-- Your task --
Omit the pictures and output exactly the lines from the start of the entries through the line containing "Pinko White And".

↓↓↓

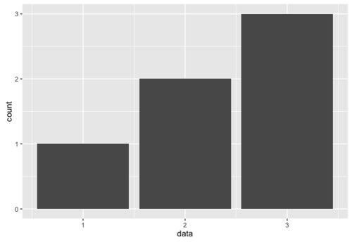 geom_barというかstat_countの方だと思うけど、例えばこんなデータがあったとして data <- c(1, 2, 2, 3, 3, 3, NA, NA, NA, NA) 普通に棒グラフを描くとこうだ。 ggplot() + geom_bar(aes(data)) ところがfactorにするとこうだ。 ggplot() + geom_bar(aes(f…
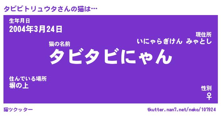 | ポケモン風あだ名 | 『タビチュウ』『タビビダネ』 |
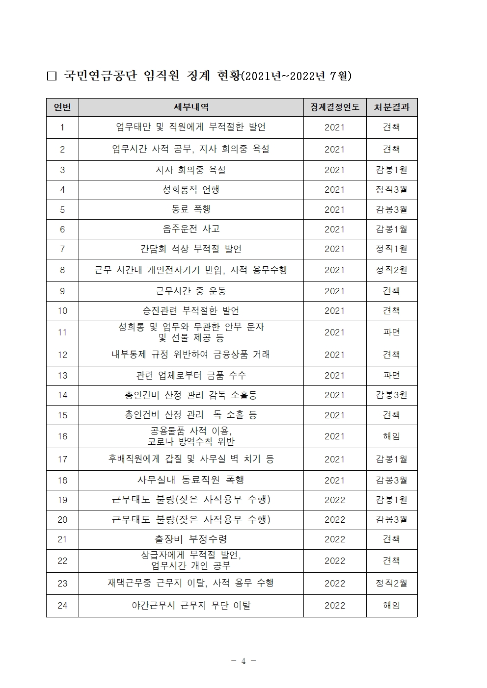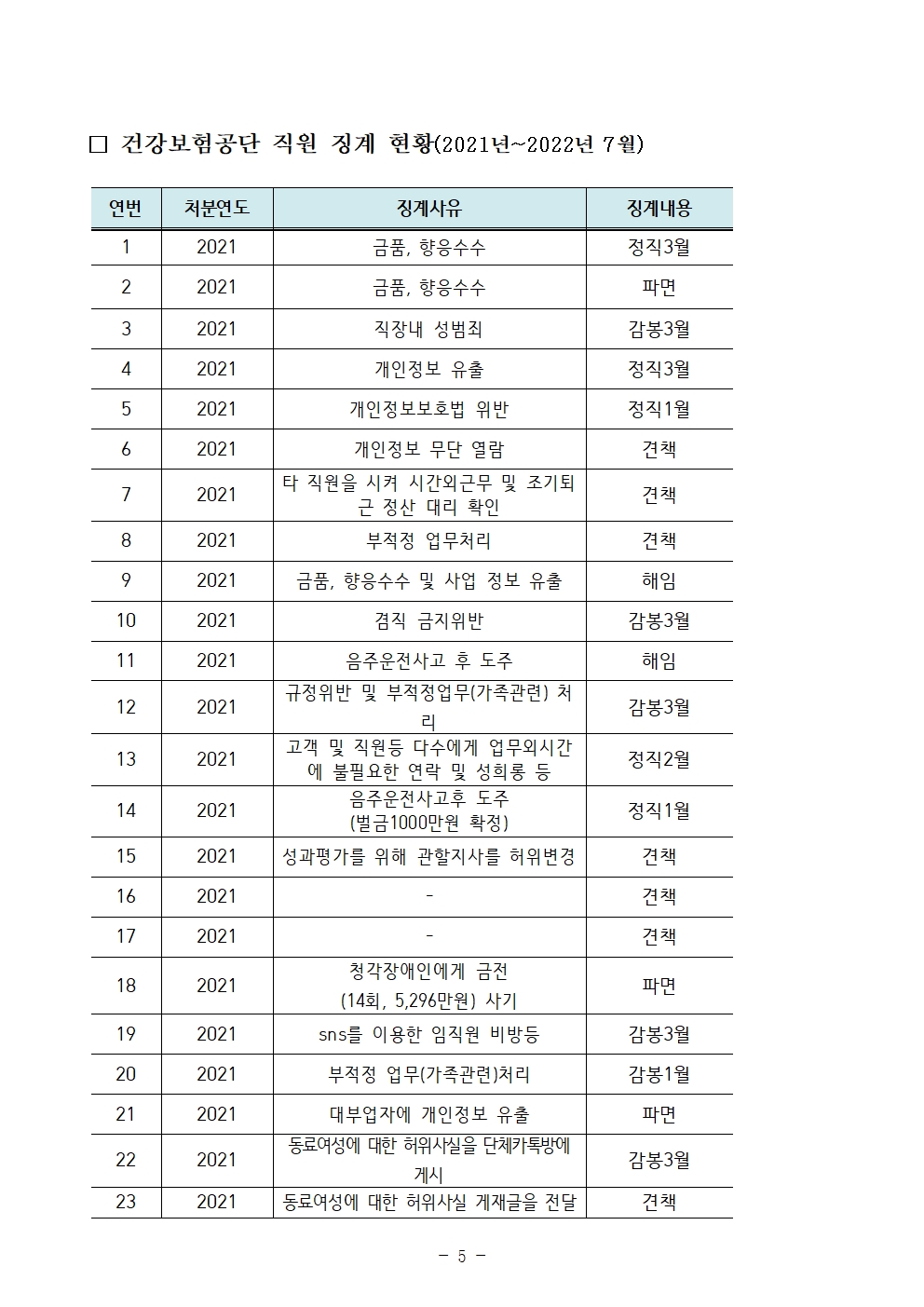 [보도자료] 보건복지부 산하기관 직장 내 성범죄, 개인정보 유출 등 도덕적 해이 심각해
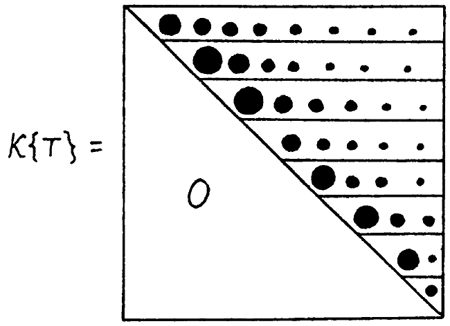 Всего нами было обработано несколько десятков больших исторических текстов. Во всех случаях, когда тексты описывают события эпохи XVI–XX веков, принцип затухания частот подтвердился. Отсюда вытекает методика хронологически правильного упорядочивания «глав-поколений» в тексте или в наборе текстов, где этот порядок нарушен или неизвестен. Рассмотрим совокупность «глав-поколений» летописи X и занумеруем их в каком-нибудь порядке. Для каждой «главы» X(Q) подсчитаем число К(Q, T) при заданной нумерации «глав». Все числа К(Q, T), при переменных Q и T, организуются в квадратную матрицу KT размера n ? n, где n — общее число «глав». В идеальном теоретическом случае частотная матрица KT имеет вид, показанный на рис. 25.
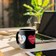 Un fondo de color negro decorado con un corazón rojo, dos marcos de foto corazón. Personaliza y agrega tu nombre.
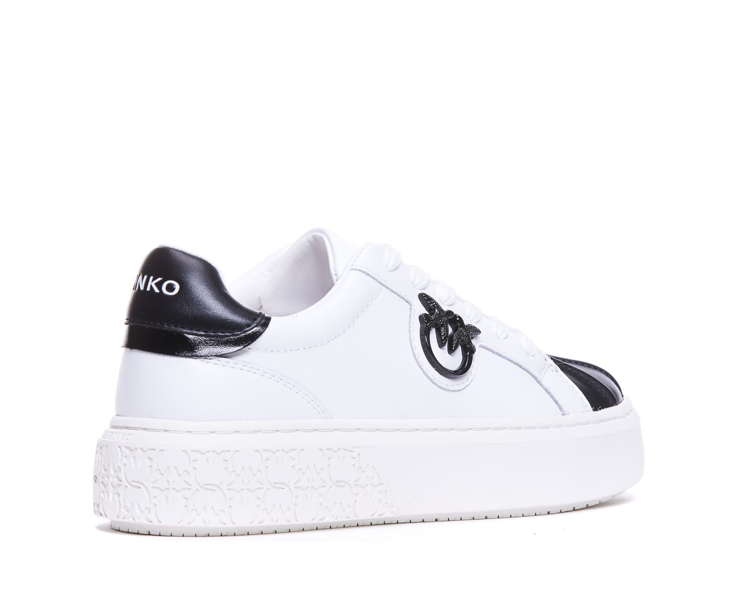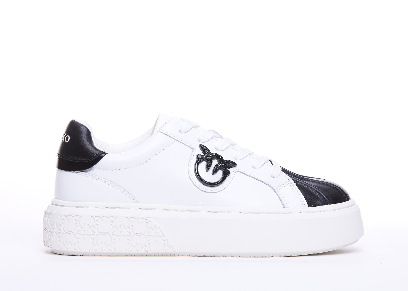 Pinko White And Black Yoko Sneakers, Laces Closure, Lateral And Back Logo, Round Toe, platform 3,5 cm
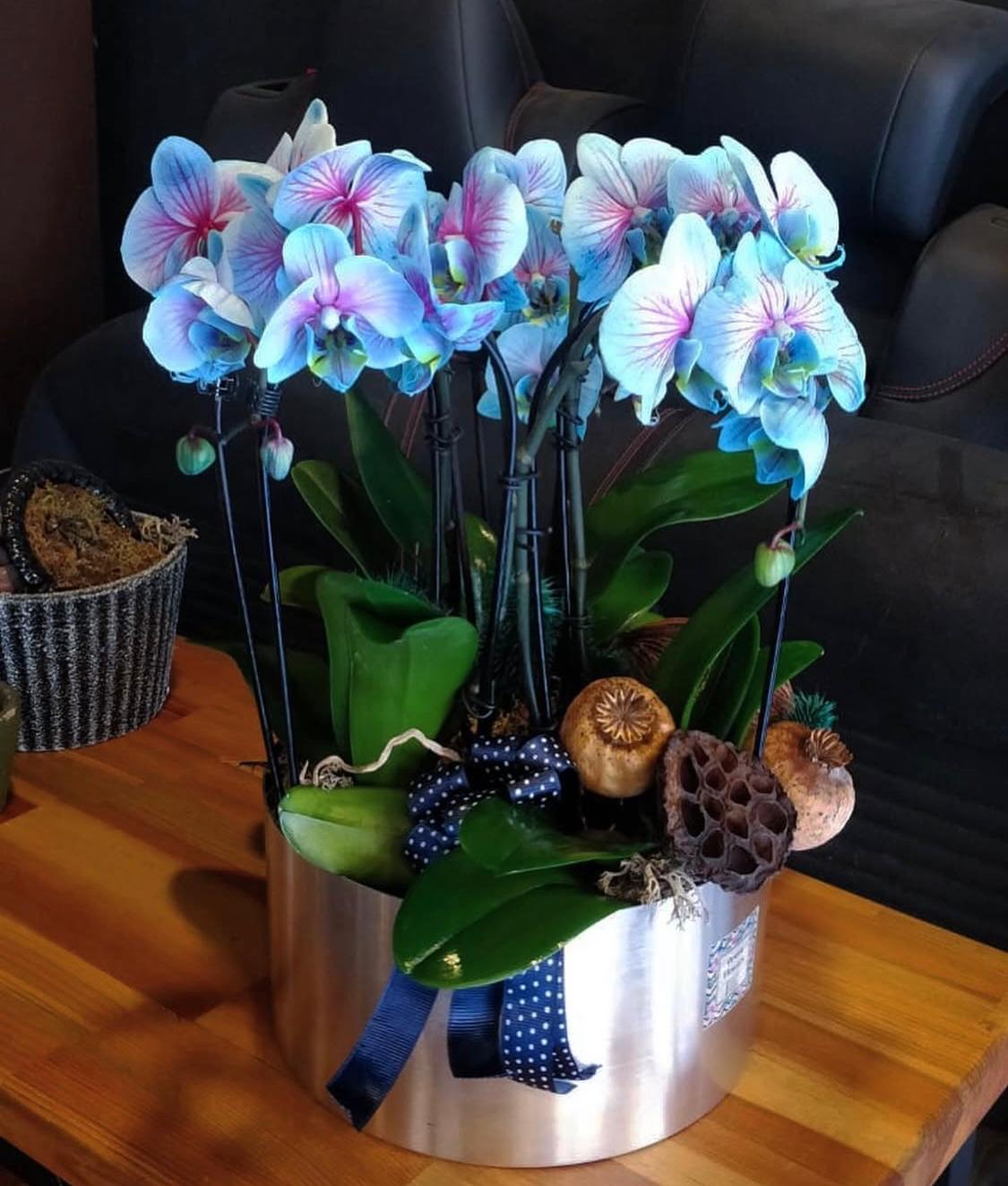 Pastel renklerin romantik dansı.Mavi, pembe ve mor tonlarındaki orkideler ile hazırlanan bu göz alıcı tasarım, renkli bir rüya gibi. Modern ve sofistike sunumuyla bulunduğu ortama taze bir hava katar.
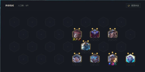 前期阵容直接以刺客羁绊为主来运营,双刺客搭配双骑士或者斗士来保证阵容的坦度和输出,中期加入魔女羁绊,此时是该阵容的高爆发时期,利用前期魔女爆发伤害高的优势来保证血量健康,到达后期补充艾翁英雄即可。

↑↑↑

-- Final answer --
 geom_barというかstat_countの方だと思うけど、例えばこんなデータがあったとして data <- c(1, 2, 2, 3, 3, 3, NA, NA, NA, NA) 普通に棒グラフを描くとこうだ。 ggplot() + geom_bar(aes(data)) ところがfactorにするとこうだ。 ggplot() + geom_bar(aes(f…
 | ポケモン風あだ名 | 『タビチュウ』『タビビダネ』 |
 [보도자료] 보건복지부 산하기관 직장 내 성범죄, 개인정보 유출 등 도덕적 해이 심각해
 Всего нами было обработано несколько десятков больших исторических текстов. Во всех случаях, когда тексты описывают события эпохи XVI–XX веков, принцип затухания частот подтвердился. Отсюда вытекает методика хронологически правильного упорядочивания «глав-поколений» в тексте или в наборе текстов, где этот порядок нарушен или неизвестен. Рассмотрим совокупность «глав-поколений» летописи X и занумеруем их в каком-нибудь порядке. Для каждой «главы» X(Q) подсчитаем число К(Q, T) при заданной нумерации «глав». Все числа К(Q, T), при переменных Q и T, организуются в квадратную матрицу KT размера n ? n, где n — общее число «глав». В идеальном теоретическом случае частотная матрица KT имеет вид, показанный на рис. 25.
 Un fondo de color negro decorado con un corazón rojo, dos marcos de foto corazón. Personaliza y agrega tu nombre.
 Pinko White And Black Yoko Sneakers, Laces Closure, Lateral And Back Logo, Round Toe, platform 3,5 cm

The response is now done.